Avoiding the Coffin Ships: A Church’s Need to Engage

Recently, I stood at the base of Crough Patrick, a pilgrimage site on the coast of Western Ireland. There, the National Famine Memorial commemorates the deaths of over 1 million Irish citizens and the famine that sent another 1 million immigrants to the United States between 1846 and 1849.  The memorial is a ghost ship or a three-masted coffin ship in swirling skeletons.  It is graphic reminder of the failure of a nation or an empire to feed its people.

Famine is something I have always cared about but seldom had the opportunity to engage.  It has always been too big or too distant to get my head and my heart around.  However, recently, a client of ours decided to make a response to the famine in the Horn of Africa and in Kenya.  I was asked to facilitate the planning and then help coordinate the plan’s implementation.  Because of our strategic approach, we don’t do these activities from the safety or security of our Washington office, much to the chagrin of many of our sponsors.  We get on the ground; we interview people; we talk to government officials; and we watch how systems respond or fail to respond.  We try to get a feel for the realities of a crisis and then formulate our plan.  This experience has put a human face to a big word – FAMINE.

Famine is not a shortage of food but the failure to adequately distribute food and to create acceptable market conditions for people to access food.  Economists and governments have begun classifying famines into three categories:  political, economic, and environmental.   Thomas Keneally, who gave us the book, The Shindler’s List, in his somewhat controversial work, Three Famines, said that in the famines he studied (Ireland, Bengal, and Ethiopia) the “mindsets of governments, racial preconceptions and administrative incompetence were more lethal than the initiating blights, the loss of potatoes or rice or livestock or the grain named teff.”

Our most recent example of this complex analysis is the famine that has emerged out of Somalia.  Originally political compounded by a severe drought and the loss of livestock, it has become an economic tool to keep Somalia divided.  The victims, unfortunately, are not the politicians or the hundreds of NGOs responding to the crisis, but the millions of people making their way across land bridges that promise some kind of safety and security.  Dadaab, in eastern Kenya has become the largest refugee camp in the world and the third largest city in Kenya.  These refugees are escaping a famine that is political and environmental.

Now the numbers:  1.4 billion people are living in extreme poverty and about 950 million people are going to bed each night hungry.  Every day 16,000 children die from starvation – that is one every 5 seconds.  The World Bank estimates that the spike in global food prices in 2008 and the subsequent recession of 2010 has pushed an additional 100 to 150 million people in to poverty.  This reality has defined civilization over decades if not centuries.  In the 21st Century, excuses are obsolete.

As a person of faith, I struggle with what our response should be and how we should engage this burning issue.  Faith community responses usually find themselves at the end of the continuum of responses when dealing with global famine – we organize food distribution programs. While necessary, this activity has somehow absolved us of our responsibility in prevention. We need to be on the prevention side of the continuum and not chasing the problem with garden hoses  of food aid that feed a person for a day, a week, or a month if they are lucky.

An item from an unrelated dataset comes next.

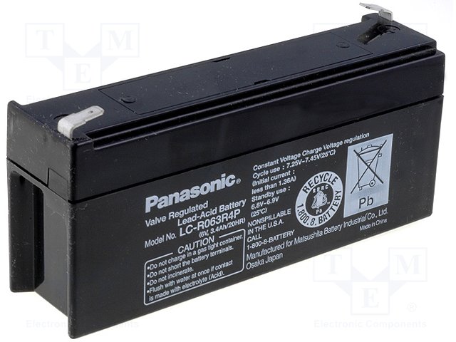 Аккум: свиноцово-кислотный; 6В; 3,4Ач; AGM; необслуживаемый |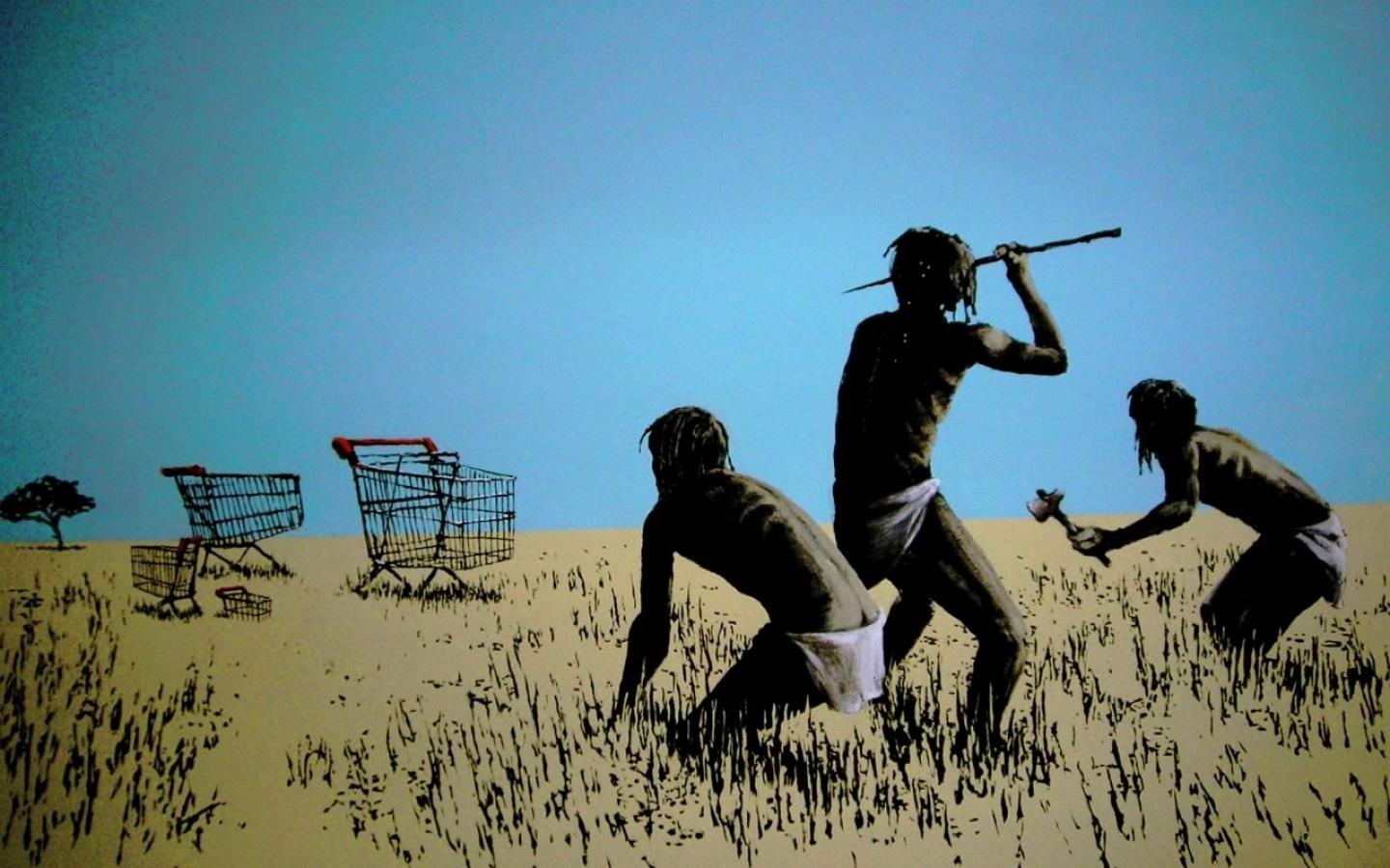Wallpaper Graffiti, ancient people and Shopping carts, Banksy

To be sure, faith communities have often led in crisis response and sometimes have been the only groups to actually show up.  Global faith organizations such as Bread for the WorldWorld VisionWorld Relief, and Catholic Charities raise awareness and seek to influence policies within nations either causing the famine or they often become a resource for a solution to famine. Smaller faith communities such as Nazarene Compassionate Ministries cannot simply relegate the policy work to these global faith organizations.  Whatever the reason, either because they believe they lack expertise to engage in these conversations or are content to allow these organizations to represent us, the membership within the Church is more sophisticated about these issues than previously imagined.  While we don’t need to duplicate efforts, we stand to benefit by taking our own initiative and promoting action that prevents famine.  Local churches and compassionate ministry efforts in nations impacted by famine raise the flag of hope when we engage in these issues.  It shows leadership. We can engage on the policy level and we should be asking ourselves these questions:

  • How do governments distribute food during a crisis?
  • Do we support local commodity markets when supplying food and nutritional supports?
  • Do we promote sustainable agriculture and water projects?
  • Do we evaluate and measure impact when we commit hundreds of thousands of dollars to address famine?
  • Do we understand and then promote democracy and civic participation in the activities of government?  There has never been a famine in countries engaged in creating and supporting democratic institutions.
  • Given the global impact of famine and the reality that over 13 million people in the Horn of Africa and Kenya alone are involved in famine or drought, can we not organize a famine relief task force to explore ways to engage at the policy level while responding the urgency of the immediate crisis?

While I have been working largely in the context of Nazarene Compassionate Ministries, this analysis applies to most congregational or denominational engagement throughout Christendom. It is vital that we show up to respond to the urgent need for food – however, our need to respond in these situations can be enhanced by showing up to affect policies that contribute to famine.